Kyle Lannegan squinted out at the dim night, the light in his eyes closing to slits. Then he turned away from the window and sank back to the floor, curling up beside the short woman and planting a grimy thumb in his mouth.
10
LEANNE REMAINED MOTIONLESS at the window a while longer, wondering why the boy hadn't seen her when he'd been looking her right in the eyes, or if he had seen her, why he hadn't awakened the others.
They were still sleeping when she walked back to Davis Street, where the car was parked. Once there she gave the agony in her feet a rest, lying across both front seats with her poor tootsies hanging out the driver door, cooling them in the night breeze. She would bathe them in ice water once she got home, but for now they had work to do on the pedals. It had been just over an hour since Richard Holland had left his house. Ten more minutes of strain couldn't possibly hurt them worse than they'd already been.
When Jim got home from the restaurant, she was asleep, sitting up on their plush recliner, her feet soaking in a basin of lukewarm water, pink with her blood.
He woke her gently. Still, she was startled. She wrapped her arms around his neck as if she were clinging to a life-preserver, and he carried her to bed. He dressed her feet in gauze and bandages and ointment. She tried once, in a sleep-muttering sort of way, to tell him her plan, but he shushed her. When he slipped into bed himself a few minutes later, she was breathing soft and slow and steady.
Jim flicked off the light.
11
"JEWISH LIGHTNING," HE said, skeptical.
They sat in the kitchen, sipping their morning coffees—fair trade coffee, I suspect. Leanne normally liked hers black, but she took a little cream and sugar today, the color just too similar to the grime she'd seen at the Schultz house. Even dumping out the wet grinds she'd gagged a little, thinking back.
"Jim," she said with a disapproving squint.

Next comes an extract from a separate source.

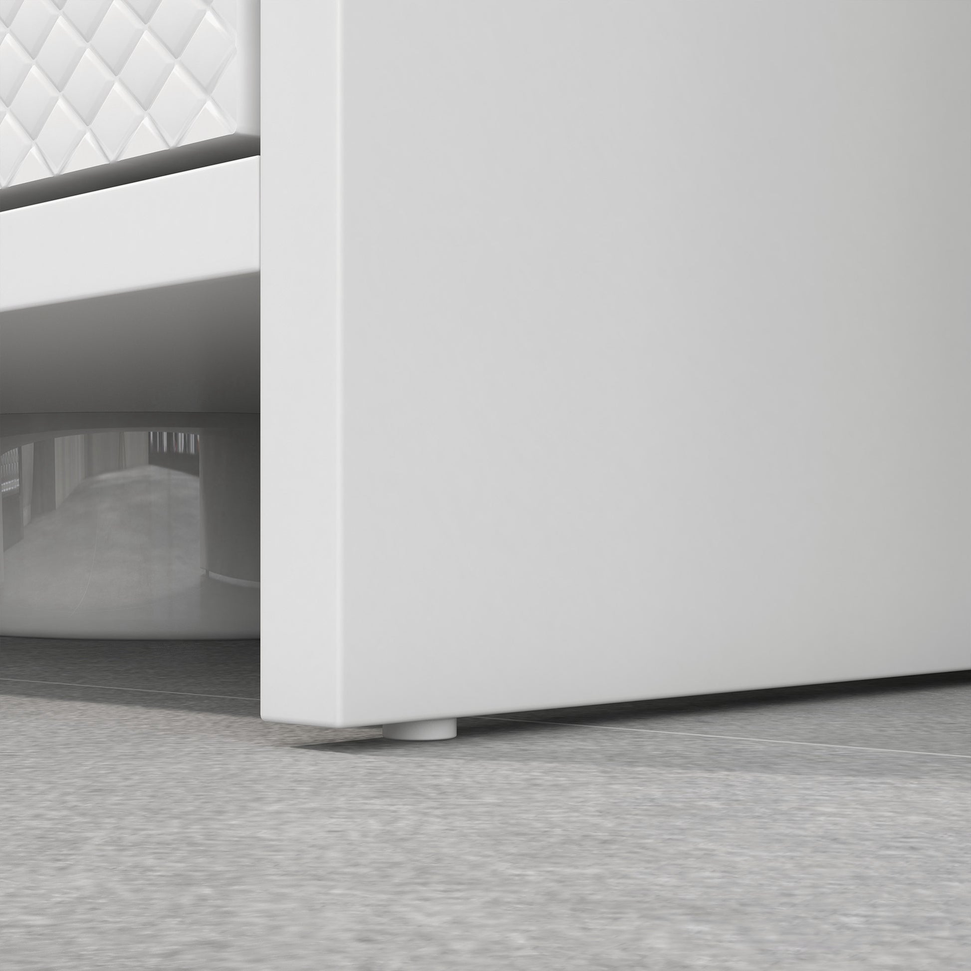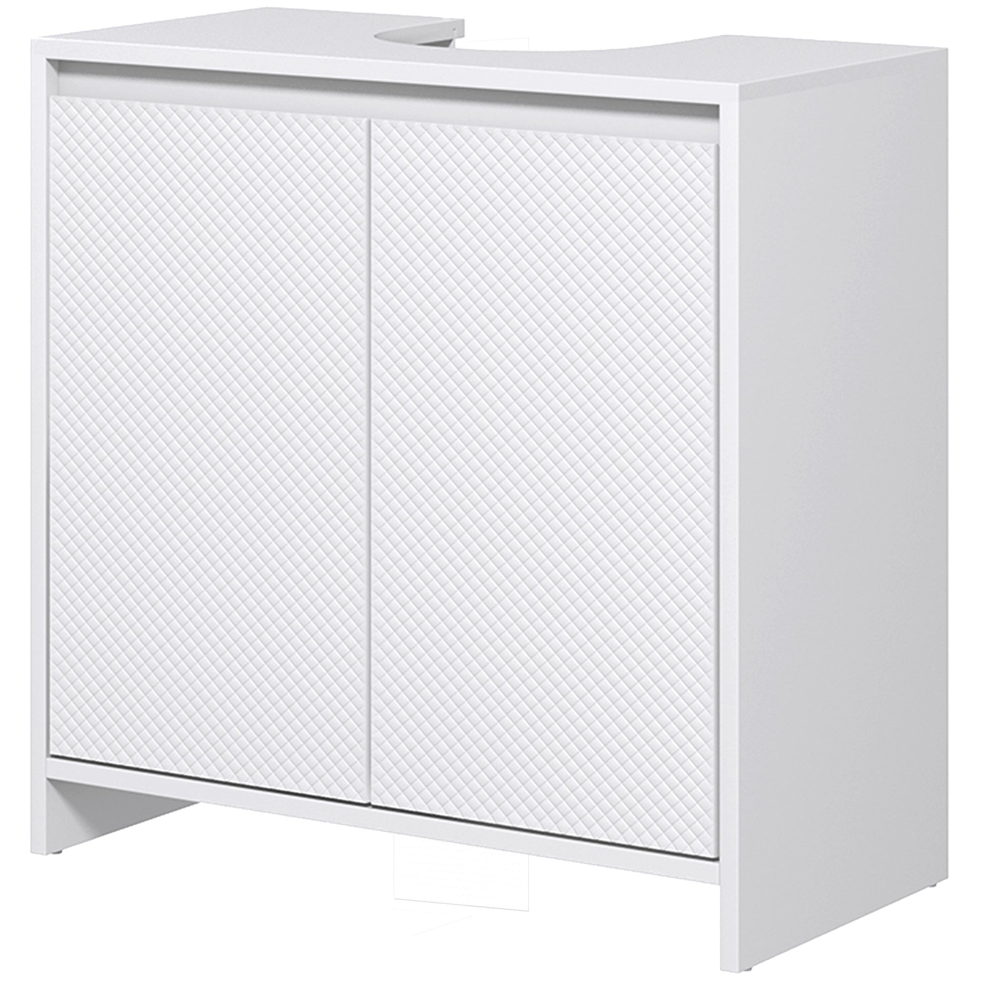 - - MODERNS STILS: Šis zem izlietnes skapītis ar baltu apdari un durvīm, kas rotātas ar maziem dimanta formas rakstiem, piedāvā unikālu tekstūru, kas papildina dažādus vannasistabas stilus. Augšējā paneļa slīpā konstrukcija rada bezrokturu izskatu, padarot to viegli atveramu ar pirkstiem

He let out an exasperated sigh. "We're talking a
bout roasting people alive here, Leanne, and you're concerned about an ethnic slur?"

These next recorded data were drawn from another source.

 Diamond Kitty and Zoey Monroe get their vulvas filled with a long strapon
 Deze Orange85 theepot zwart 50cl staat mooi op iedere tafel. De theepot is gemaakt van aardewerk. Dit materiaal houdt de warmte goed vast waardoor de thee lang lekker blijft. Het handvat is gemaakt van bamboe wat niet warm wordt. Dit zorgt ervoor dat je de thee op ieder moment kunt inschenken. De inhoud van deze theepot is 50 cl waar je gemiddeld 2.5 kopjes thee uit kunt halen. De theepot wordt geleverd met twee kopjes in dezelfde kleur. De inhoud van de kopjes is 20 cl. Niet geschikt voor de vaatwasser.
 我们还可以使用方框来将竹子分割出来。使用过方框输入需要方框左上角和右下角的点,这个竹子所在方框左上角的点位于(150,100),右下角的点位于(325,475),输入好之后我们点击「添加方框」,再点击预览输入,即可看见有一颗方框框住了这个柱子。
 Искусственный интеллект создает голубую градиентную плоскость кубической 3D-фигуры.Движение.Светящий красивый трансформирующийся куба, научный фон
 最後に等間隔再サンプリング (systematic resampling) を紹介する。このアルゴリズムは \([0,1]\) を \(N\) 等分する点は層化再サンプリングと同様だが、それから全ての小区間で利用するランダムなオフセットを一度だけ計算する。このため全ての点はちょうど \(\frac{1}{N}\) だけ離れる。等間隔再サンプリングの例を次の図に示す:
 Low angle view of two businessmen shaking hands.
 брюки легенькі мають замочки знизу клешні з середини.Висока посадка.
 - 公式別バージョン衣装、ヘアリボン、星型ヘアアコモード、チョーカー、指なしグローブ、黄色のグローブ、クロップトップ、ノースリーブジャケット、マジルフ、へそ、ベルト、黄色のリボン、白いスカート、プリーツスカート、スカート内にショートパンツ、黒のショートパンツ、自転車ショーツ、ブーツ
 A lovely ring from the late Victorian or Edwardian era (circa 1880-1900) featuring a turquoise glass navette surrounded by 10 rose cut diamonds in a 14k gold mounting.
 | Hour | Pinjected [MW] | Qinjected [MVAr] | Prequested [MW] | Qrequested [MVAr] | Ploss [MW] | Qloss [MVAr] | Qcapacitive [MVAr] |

"Those things aren't people," she quickly reminded him. "Just tell me what you think."
What Jim thought was that it wouldn't work. The outcome was too uncertain, and the possibility it could blow up in their faces—both literally and figuratively—was far too high.
"First of all," he said, "we don't know if it's a daily event, this..." He shook his head, not knowing just what to call the thing she'd witnessed. "And even if it is, how can we be sure we'll get all of them in one shot?"
Leanne let her shoulders sag. He was right, and she knew it. Her idea had been to throw a Molotov cocktail through one of the windows (though what she'd called it was "one of those bottles filled with gas and a wick thingy on the end"—Jim had provided her with its name), hoping there was enough methane in the feces to act as an accelerant and engulf the whole group of them in flames.
Even if it were a surefire plan, the idea of burning people alive felt not just morally but physically repugnant, a whole lot worse than letting an old, oft-used ethnic slur slip (a forgivable sin, perhaps, given the circumstances, though the B'nai B'rith might disagree). Jim didn't voice the opinion. Having poisoned a woman just two nights prior, he was hardly in a position to judge.
Leanne was right about one thing, though: they had to take out the whole group at once, and before the "Dutch" wolf came knocking at their door. If not arson, though, then what? Chances were pretty slim the lot of them would return to La Costina's Dumpsters, which meant another good dose of rat poison was out of the question. Besides, there was hardly enough free space in the old downstairs freezer for Cordelia and Dutch, let alone the rest of their clan. And the likelihood that on a few days' notice, either he or Leanne could get their hands on a legitimate assault weapon—a bazooka, Jim thought with childlike excitement—was slim to none.